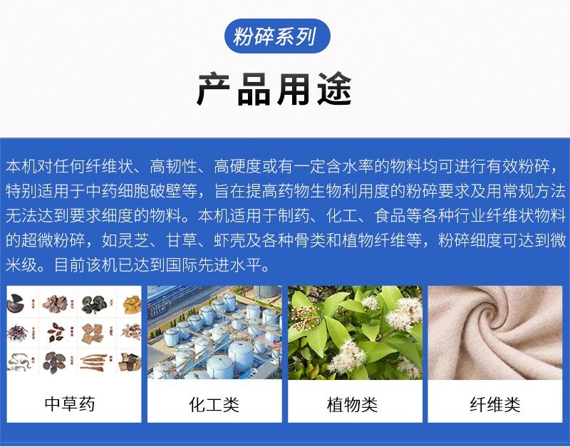 本机WFM型超微粉碎机对任何纤维状、高韧性、高硬度或有一定含水率的物料均可进行有效粉碎,特别适用于中药细胞破壁等,旨在提高药物生物利用度的粉碎要求及用常规方法无法达到要求细度的物料。本机适用于制药、化工、食品等各种行业纤维状物料的超微粉碎,如灵芝、甘草、虾壳及各种骨类和植物纤维等,粉碎细度可达到微米级。目前该机已达到国际**。
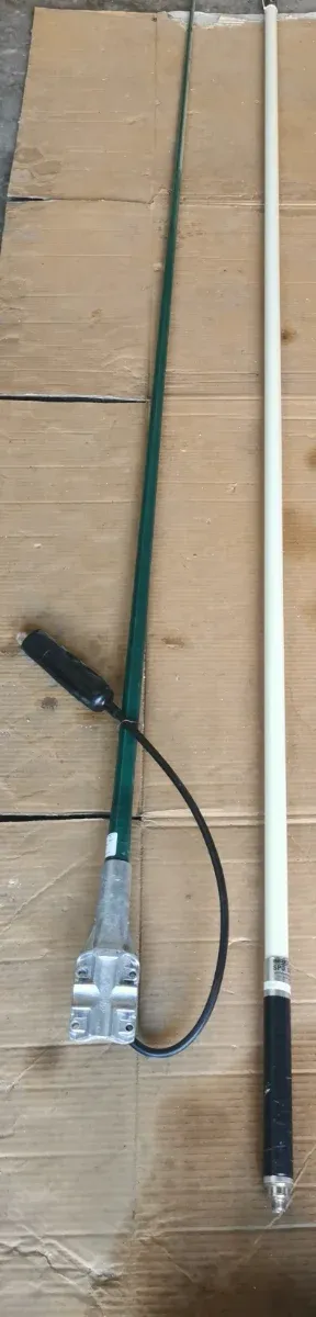 Antenna VHF per radioamatori. - Antenna di colore verde. - Base di montaggio in metallo. In ottime condizioni: -Antenna bianca gamma di frequenza 145-160mhz -Antenna Verde gamma di frequenza 152-163mhz.
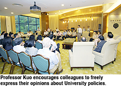 Colleagues asked Professor Kuo questions about the University's policies and made constructive suggestions on issues such as the restructuring of the University and the benchmarks for teaching, research and other services. Professor Kuo responded to each issue in detail.
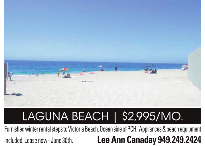 Furnished winter rental steps to Victoria Beach. Ocean side of PCH. Appliances & beach equipment included. Lease now - June 30th. Lee Ann Canaday 949.249.2424
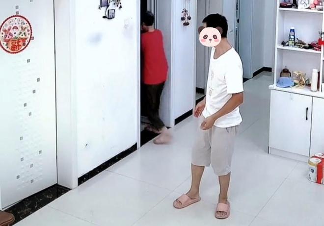 本来还强装镇定的妻子终于绷不住了,从丈夫怀里跳下来,一跺脚,捂着脸就跑回了卧室,还把门给关了起来。
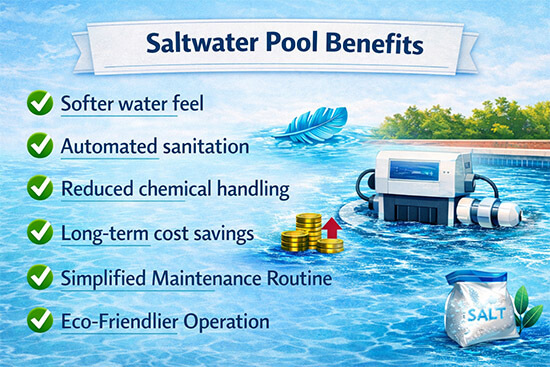 Saltwater systems use fewer consumables and generate less chemical waste compared to traditional chlorine pools.
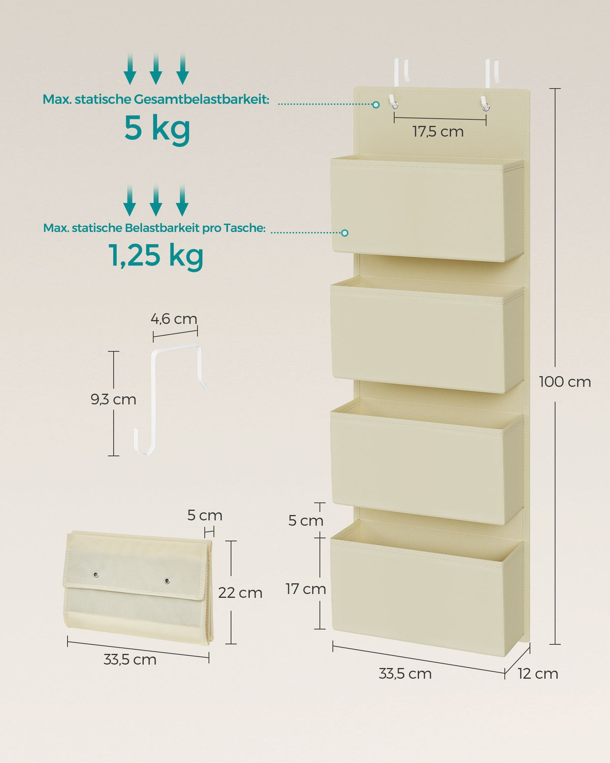 Garderobekast organizer met 4 vakken beige 5 x 12 x 100 cm
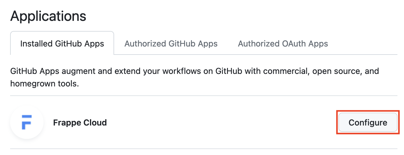 - Visit the Installed GitHub Apps page (link), and click on configure next to Frappe Cloud:
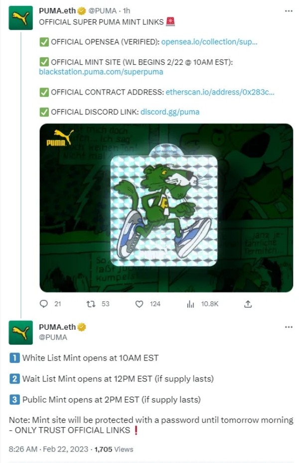 另请注意,已铸造2000个“Super PUMA NFT”以备将来合作之用。
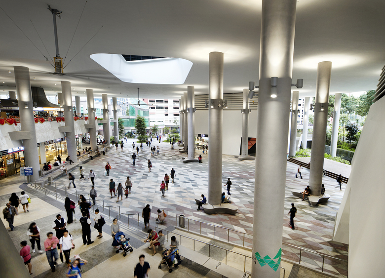 The People’s Plaza is a fully public, porous and pedestrianised ground plane, designed as a community living room, within which the public can participate in organised events, join in the season’s festivities, shop, or eat at the hawker centre on the 2nd storey. The breezy tropical plaza is shaded and sheltered by the Medical Centre above, allowing activities to continue regardless of rain or shine.
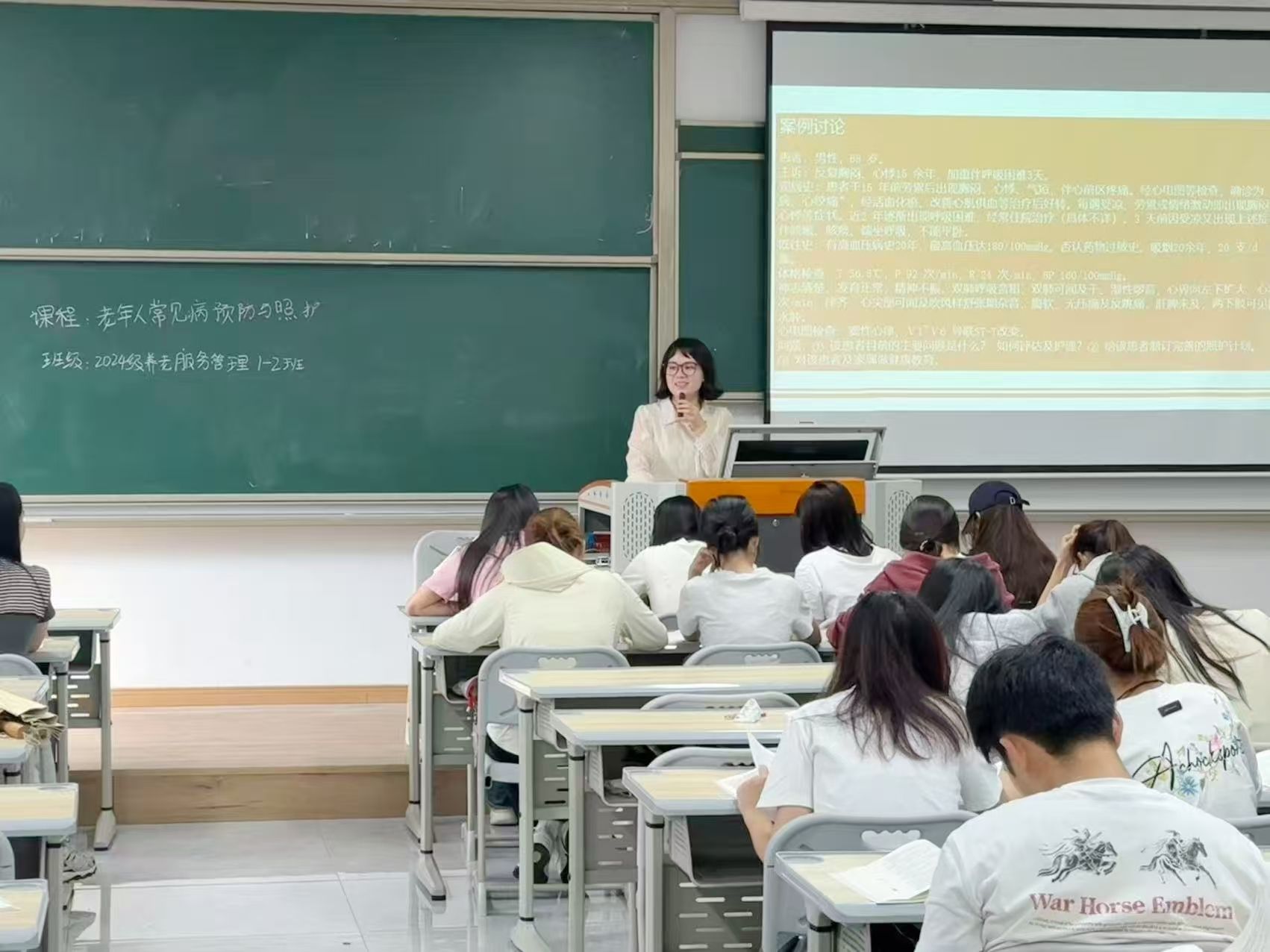 为深化课堂教学改革,提升老年照护领域教学质量,2025年10月16日,大健康管理学院龙现珍老师在行者楼408室开展《老年人常见病预防与照护》随堂磨课活动,郑媛媛、朱思琪以及田曌琪三位老师受邀参与听课与课后研讨。
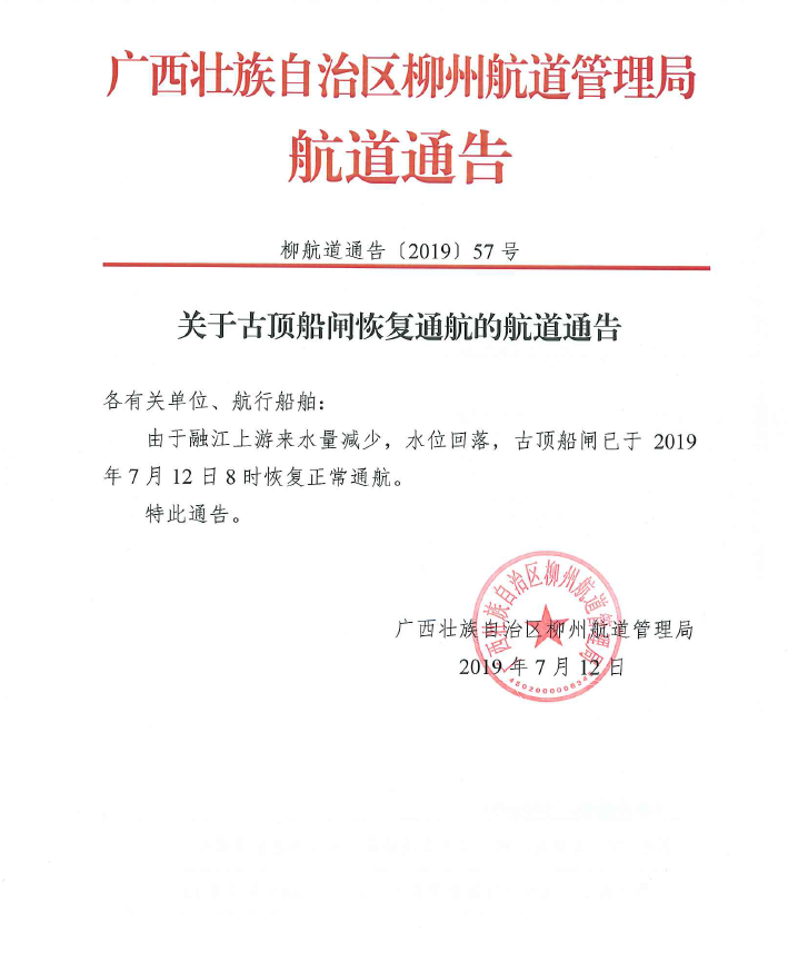 关于古顶船闸恢复通航的通告
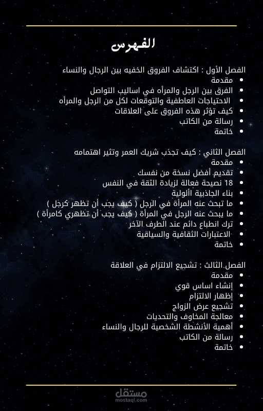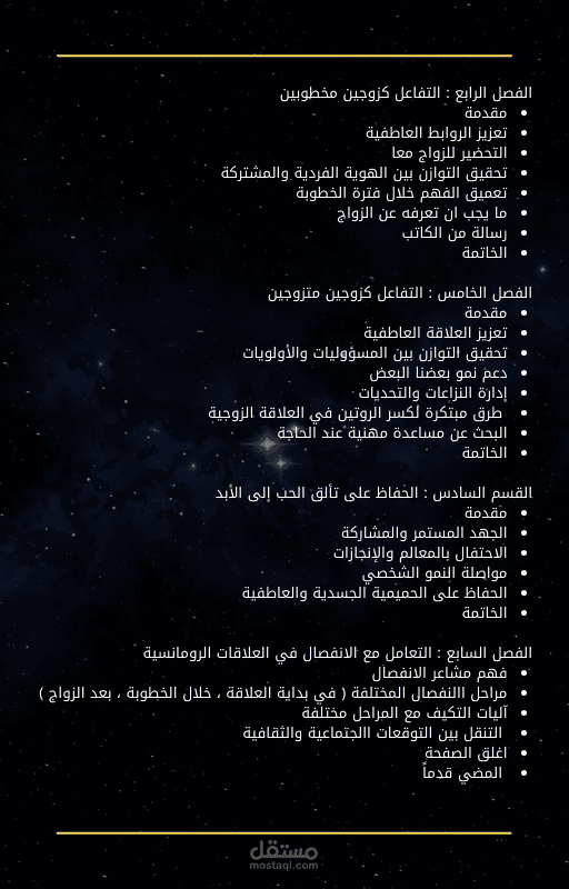 يتناول الكتاب بشكل شامل كيفية التعامل مع شريك الحياة عبر مراحل العلاقة المختلفة ، ابتداء من مرحلة جذب الشريك ، مرورًا بتكوين العلاقة والتعرف على الآخر في فترة الخطوبة ، وصولاً إلى مرحلة الزواج وكيفية الحفاظ على مشاعر الحب والود بين الزوجين.
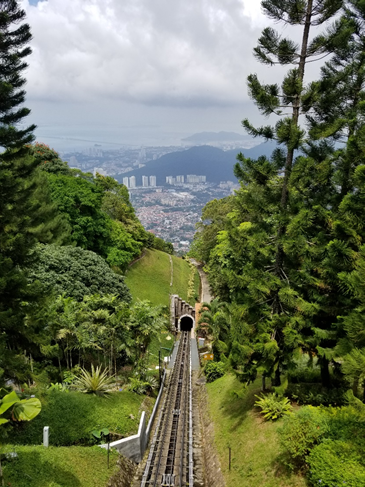 Penang Hill is a popular tourist spot that has a funicular you can take to the top for great views of the city, and you can even see to mainland Malaysia. The funicular railway is apparently the longest track in Asia and the steepest tunnel track in the world. It was very steep but unfortunately pictures don’t capture the incline. The views were very good, and we walked around at the top where there was a Hindu temple and a Mosque.
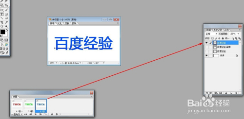 用鼠标点击选择第二个图层,然后如图,用鼠标去点击第三个图层的眼睛,关失落。反复第四步,点窜对应文本的颜色。点窜好后,反复如图的工作。

---+---

◆ **EXERCISE BRIEF**:
Could you transcribe the records above exactly, leaving out any pictures?

◆ **RESULT OF THIS EXERCISE**:
 本机WFM型超微粉碎机对任何纤维状、高韧性、高硬度或有一定含水率的物料均可进行有效粉碎,特别适用于中药细胞破壁等,旨在提高药物生物利用度的粉碎要求及用常规方法无法达到要求细度的物料。本机适用于制药、化工、食品等各种行业纤维状物料的超微粉碎,如灵芝、甘草、虾壳及各种骨类和植物纤维等,粉碎细度可达到微米级。目前该机已达到国际**。
 Antenna VHF per radioamatori. - Antenna di colore verde. - Base di montaggio in metallo. In ottime condizioni: -Antenna bianca gamma di frequenza 145-160mhz -Antenna Verde gamma di frequenza 152-163mhz.
 Colleagues asked Professor Kuo questions about the University's policies and made constructive suggestions on issues such as the restructuring of the University and the benchmarks for teaching, research and other services. Professor Kuo responded to each issue in detail.
 Furnished winter rental steps to Victoria Beach. Ocean side of PCH. Appliances & beach equipment included. Lease now - June 30th. Lee Ann Canaday 949.249.2424
 本来还强装镇定的妻子终于绷不住了,从丈夫怀里跳下来,一跺脚,捂着脸就跑回了卧室,还把门给关了起来。
 Saltwater systems use fewer consumables and generate less chemical waste compared to traditional chlorine pools.
 Garderobekast organizer met 4 vakken beige 5 x 12 x 100 cm
 - Visit the Installed GitHub Apps page (link), and click on configure next to Frappe Cloud:
 另请注意,已铸造2000个“Super PUMA NFT”以备将来合作之用。
 The People’s Plaza is a fully public, porous and pedestrianised ground plane, designed as a community living room, within which the public can participate in organised events, join in the season’s festivities, shop, or eat at the hawker centre on the 2nd storey. The breezy tropical plaza is shaded and sheltered by the Medical Centre above, allowing activities to continue regardless of rain or shine.
 为深化课堂教学改革,提升老年照护领域教学质量,2025年10月16日,大健康管理学院龙现珍老师在行者楼408室开展《老年人常见病预防与照护》随堂磨课活动,郑媛媛、朱思琪以及田曌琪三位老师受邀参与听课与课后研讨。
 关于古顶船闸恢复通航的通告
 يتناول الكتاب بشكل شامل كيفية التعامل مع شريك الحياة عبر مراحل العلاقة المختلفة ، ابتداء من مرحلة جذب الشريك ، مرورًا بتكوين العلاقة والتعرف على الآخر في فترة الخطوبة ، وصولاً إلى مرحلة الزواج وكيفية الحفاظ على مشاعر الحب والود بين الزوجين.
 Penang Hill is a popular tourist spot that has a funicular you can take to the top for great views of the city, and you can even see to mainland Malaysia. The funicular railway is apparently the longest track in Asia and the steepest tunnel track in the world. It was very steep but unfortunately pictures don’t capture the incline. The views were very good, and we walked around at the top where there was a Hindu temple and a Mosque.
 用鼠标点击选择第二个图层,然后如图,用鼠标去点击第三个图层的眼睛,关失落。反复第四步,点窜对应文本的颜色。点窜好后,反复如图的工作。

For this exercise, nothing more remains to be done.